Bitcoin continues to plummet, dropping about 11% in the past 24 hours to a level of $67,000, its lowest since November 2024, or about 15 months.
Bitcoin hit an intraday low of around $67,000 to $67,675, before briefly stabilizing at around $67,800 to $68,200 later in the session, according to data from major trading platform CoinMarketCap.
This crash occurred during a long correction wave that began in early October 2025, when the currency reached historic highs of over $126,000. Since then, Bitcoin has lost more than 44-47% of its value, with total market losses in the digital currency market over the past four months estimated at hundreds of billions of dollars.
regression factor
Analysts and experts attribute today’s sharp decline to several factors, including the massive liquidation of over $2.5 billion worth of leveraged positions in the past 24 hours, reduced market liquidity, and increased fear and panic.

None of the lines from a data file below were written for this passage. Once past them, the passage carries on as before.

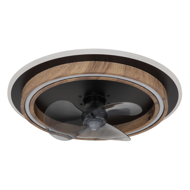 Plafonski ventilator BOZAN 03655.Uživajte u elegantnom plafonskom ventilatoru BOZAN, koji vaše prostorije oprema jedinstvenom kombinacijom osvetljenja i ventilacije. BOZAN se sastoji od okruglog kućišta izrađenog od crnog mat lakiranog metala i MDF-a (vlaknasta ploča srednje gustine) sa tamnim efektom drveta, na koje su pričvršćena tri ravna krila. Osvetljenje obezbeđuje okrugli abažur izrađen od opal i dim plastike.
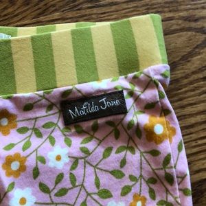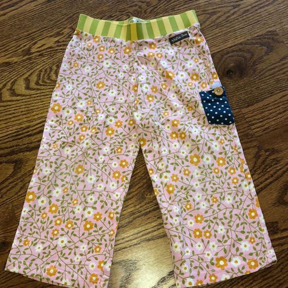 pink floral matilda jane straight legged pants , polka dot pocket on left thigh, stretchy waist band
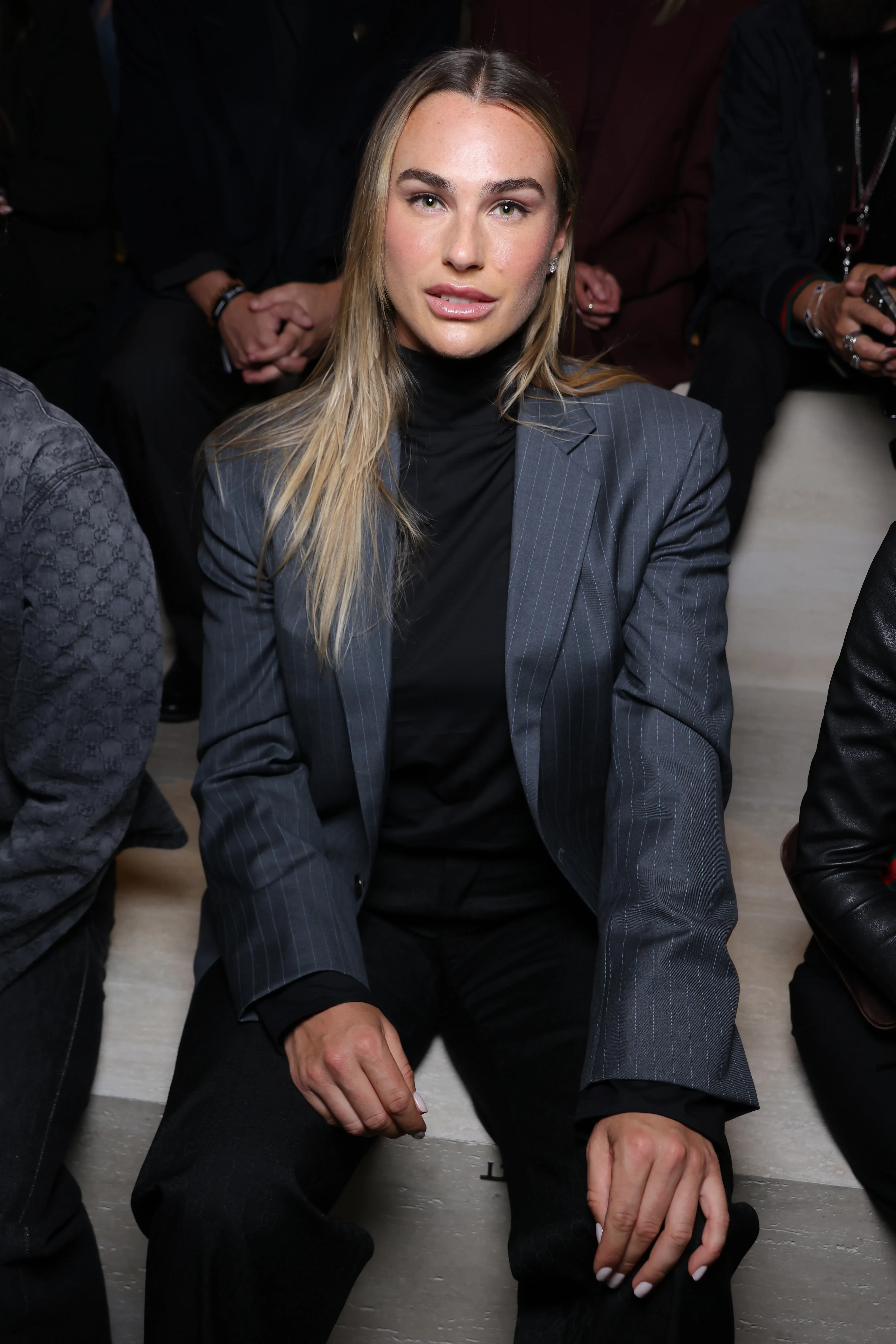 Деми МурДеми Мурhttps://t.me/spletnik2006/49603Не смогла пропустить показ и давняя подруга Демны, 59-летняя Рената Литвинова. Актриса пришла в сером платье-накидке с отделкой из новой коллекции, а её 24-летняя дочь Ульяна Добровская выбрала красное платье-пальто (его же надела Донателла Версаче) и чёрную мини-юбку. 27-летняя первая ракетка мира Арина Соболенко, которая в начале года стала лицом Gucci, позировала фотографам в пиджаке в полоску, чёрной водолазке и классических брюках.
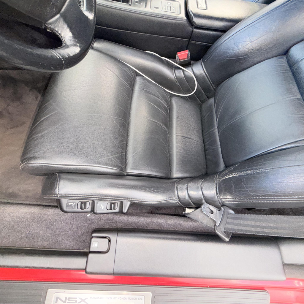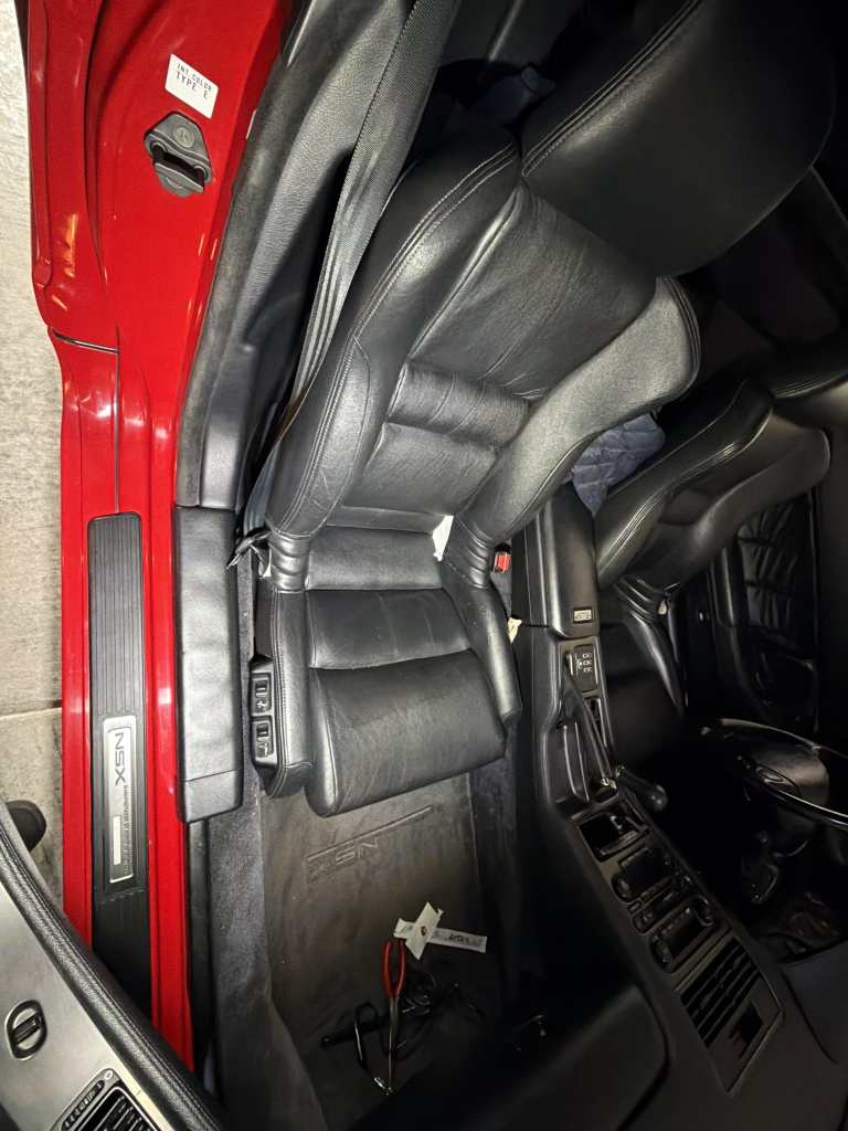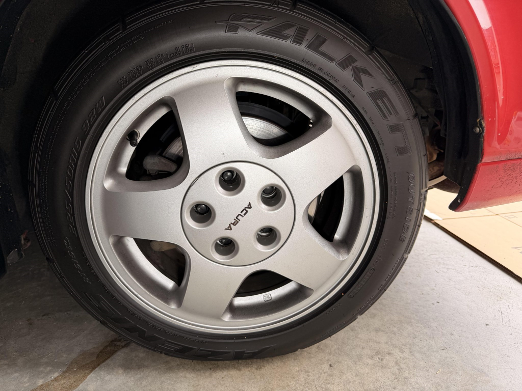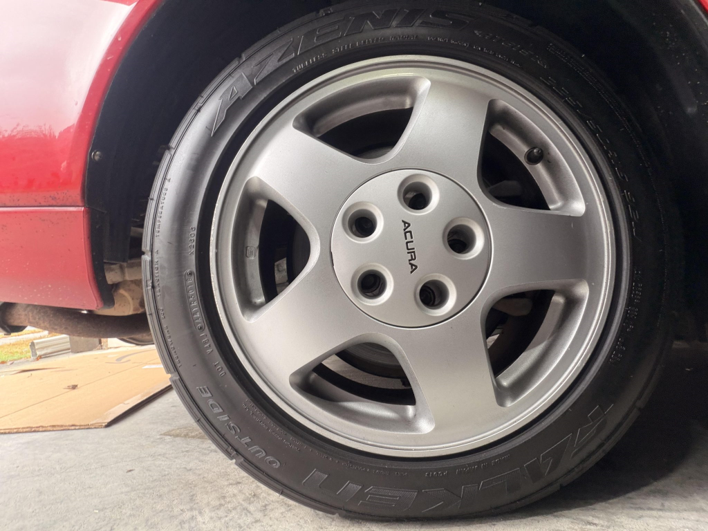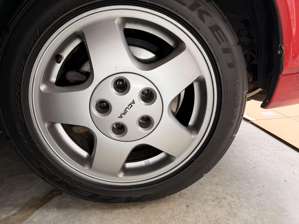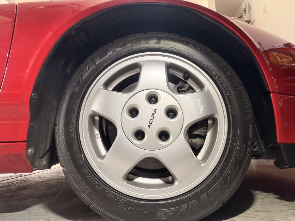 Staggered-diameter 15″ and 16″ five-spoke forged wheels are mounted with Falken tires. The car features a four-wheel double-wishbone suspension with front and rear stabilizer bars, and braking is handled by NSX-branded calipers over vented rotors at each corner. A replacement brake primary cylinder was installed in 2024, according to the seller.

Among these factors are widespread selling pressure on risk assets, including tech stocks and major corporate stocks, a strong U.S. dollar, rising U.S. Treasury yields, and a lack of strong positive catalysts at this time.
According to some technical analysis, the $70,000 level is considered an important psychological and technical level, and after breaking it convincingly today, attention now shifts to the next support area between $60,000 and $65,000, and possibly the 200-week moving average around $58,000 to $62,000.
Alternative digital currencies witnessed a more severe crash, with Solana coin falling by up to 24% during the week, and several other currencies dropping 15-30% in a single day.
Bitcoin experienced a strong rally in 2025, buoyed by positive expectations for US economic and regulatory policy following the 2024 election, but global economic realities led to a fundamental reassessment of risk, leading to an exodus of capital from high-risk assets.